__WHAT THE EXERCISE ASKS__. Without the pictures, set down every line of the data exactly.

__AVAILABLE DATA__.

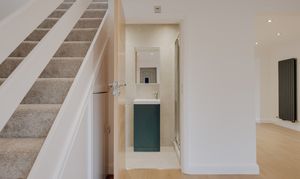 Inside, a generous entrance porch provides a practical and welcoming threshold - ideal for coats, shoes, and the everyday rhythms of family life. Beyond, the ground floor unfolds with an intuitive sense of flow, combining open-plan living with clearly defined spaces. A comfortable sitting room sits to the front of the house, enjoying a north-westerly aspect and the soft light of the evening sun. At the heart of the home, the kitchen and breakfast area takes centre stage: light-filled, social, and designed for both daily living and entertaining. This space transitions naturally into a dedicated dining area, where patio doors open directly onto the garden, blurring the line between indoors and out. A calm, neutral palette runs throughout, lending cohesion and a quiet elegance to the interiors. Every element has been carefully considered, balancing form with function. A discreet ground-floor shower room with walk-in enclosure and W.C. sits just off the main living space, adding a welcome layer of convenience.
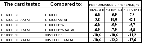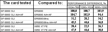 А вот тут, если учитывать именно режимы с АА+АФ (а глупо покупать две карты по 300-400 долларов и не включать такие функции), то 6800 SLI выступил очень неплохо. Если конечно поправят в драйверах некоторые огрехи в качестве, что иногда проскакивают.
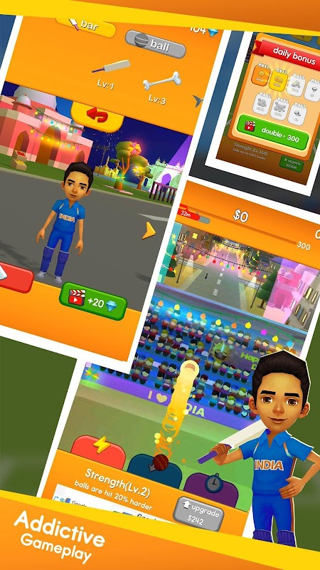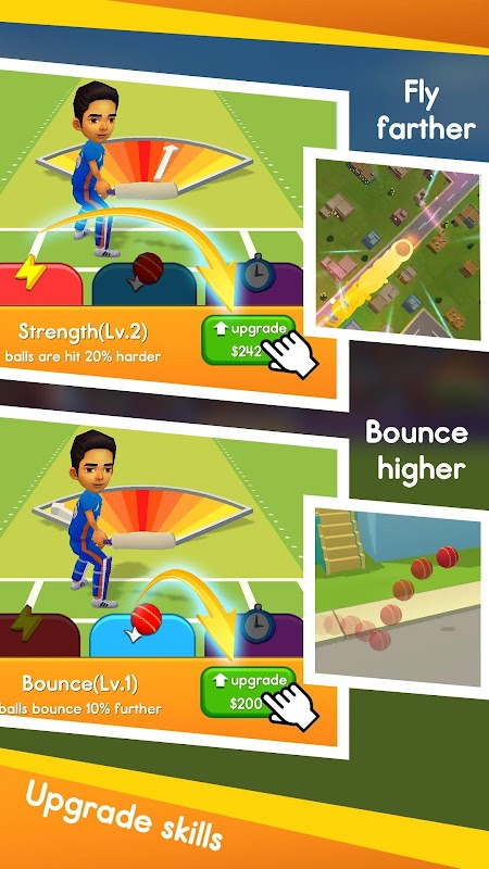 You need to find the best timing and hit your cricket ball as far as possible. The farther you can hit, the more coins and diamonds you can get. Don’t forget to upgrade your skills and unlock interesting items! Now, find the perfect angle and make a great strike!
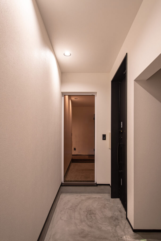 さらに、玄関には間接照明を組み込み、夜にはやわらかい光が玄関を包み込みます。

__TASK RESULT__.
 Inside, a generous entrance porch provides a practical and welcoming threshold - ideal for coats, shoes, and the everyday rhythms of family life. Beyond, the ground floor unfolds with an intuitive sense of flow, combining open-plan living with clearly defined spaces. A comfortable sitting room sits to the front of the house, enjoying a north-westerly aspect and the soft light of the evening sun. At the heart of the home, the kitchen and breakfast area takes centre stage: light-filled, social, and designed for both daily living and entertaining. This space transitions naturally into a dedicated dining area, where patio doors open directly onto the garden, blurring the line between indoors and out. A calm, neutral palette runs throughout, lending cohesion and a quiet elegance to the interiors. Every element has been carefully considered, balancing form with function. A discreet ground-floor shower room with walk-in enclosure and W.C. sits just off the main living space, adding a welcome layer of convenience.
 А вот тут, если учитывать именно режимы с АА+АФ (а глупо покупать две карты по 300-400 долларов и не включать такие функции), то 6800 SLI выступил очень неплохо. Если конечно поправят в драйверах некоторые огрехи в качестве, что иногда проскакивают.
 You need to find the best timing and hit your cricket ball as far as possible. The farther you can hit, the more coins and diamonds you can get. Don’t forget to upgrade your skills and unlock interesting items! Now, find the perfect angle and make a great strike!
 さらに、玄関には間接照明を組み込み、夜にはやわらかい光が玄関を包み込みます。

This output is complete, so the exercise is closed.